------ Provided material ------

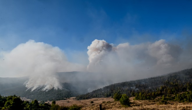 Η άπνοια βοήθησε στην αργή ανάπτυξη της φωτιάς και στην βελτίωση της εικόνας του μετώπου και εξαιτίας αυτού του λόγου ενισχύθηκαν τα εναέρια μέσα σε 32, που επιχείρησαν μέχρι το τελευταίο φως κατά διαστήματα, ώστε να εκμεταλλευτούν από την Πυροσβεστική στο μέγιστο δυνατό τις επιχειρησιακές ώρες με φως που είχαν μπροστά τους και να αντιστρέψουν στο μέτρο του δυνατού την αδυναμία προσέγγισης επίγειων δυνάμεων στα δύσβατα εδάφη που επεκτείνεται η φωτιά.
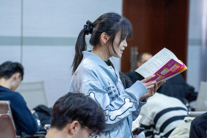 在分享交流环节,各小组代表依次上台,分享本组的阅读成果与个人感悟。代表们结合书籍内容与自身科研、生活经历,畅所欲言,引发了现场同学们的强烈共鸣。台下同学积极回应、热烈讨论,围绕书籍主题交流观点、碰撞思想,充分展现了研究生群体的思辨能力与学习热情。
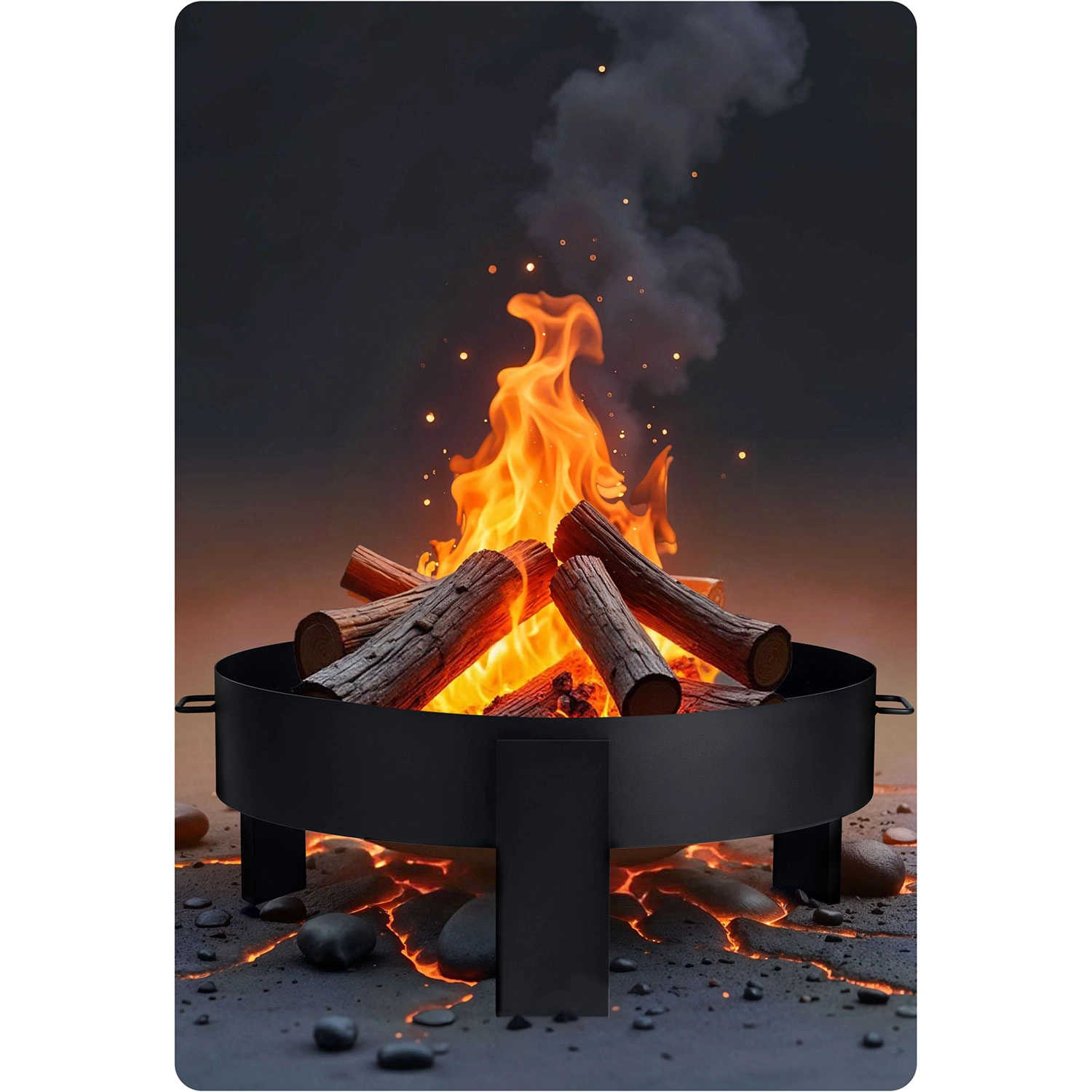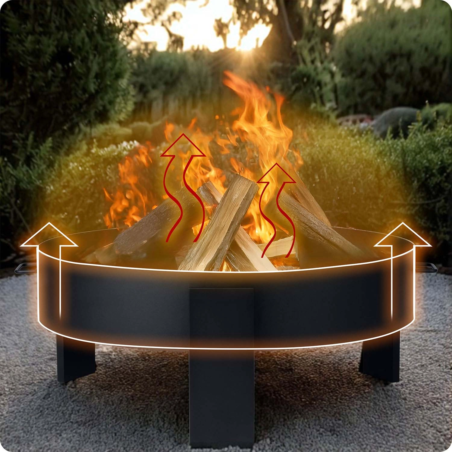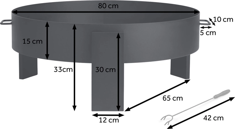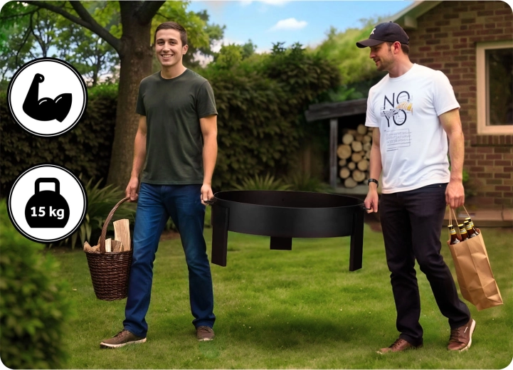 De massieve stalen constructie van 2 mm plaatstaal staat stevig op drie poten en zorgt voor stabiliteit en veiligheid. Zijhandgrepen vergemakkelijken het dragen en in de verpakking vind je bovendien een pook met handgreep voor comfortabel verplaatsen van houtblokken. Het minimalistische, universele design past in zowel moderne als traditionele tuinen en voegt zich moeiteloos naar elke buitenstijl.

------

* Problem statement:
With the line containing "在分享交流环节,各小组代表依" as the first line and the last line of the listing as the final one, reproduce that span exactly, without pictures.

* Expected output:
 在分享交流环节,各小组代表依次上台,分享本组的阅读成果与个人感悟。代表们结合书籍内容与自身科研、生活经历,畅所欲言,引发了现场同学们的强烈共鸣。台下同学积极回应、热烈讨论,围绕书籍主题交流观点、碰撞思想,充分展现了研究生群体的思辨能力与学习热情。
 De massieve stalen constructie van 2 mm plaatstaal staat stevig op drie poten en zorgt voor stabiliteit en veiligheid. Zijhandgrepen vergemakkelijken het dragen en in de verpakking vind je bovendien een pook met handgreep voor comfortabel verplaatsen van houtblokken. Het minimalistische, universele design past in zowel moderne als traditionele tuinen en voegt zich moeiteloos naar elke buitenstijl.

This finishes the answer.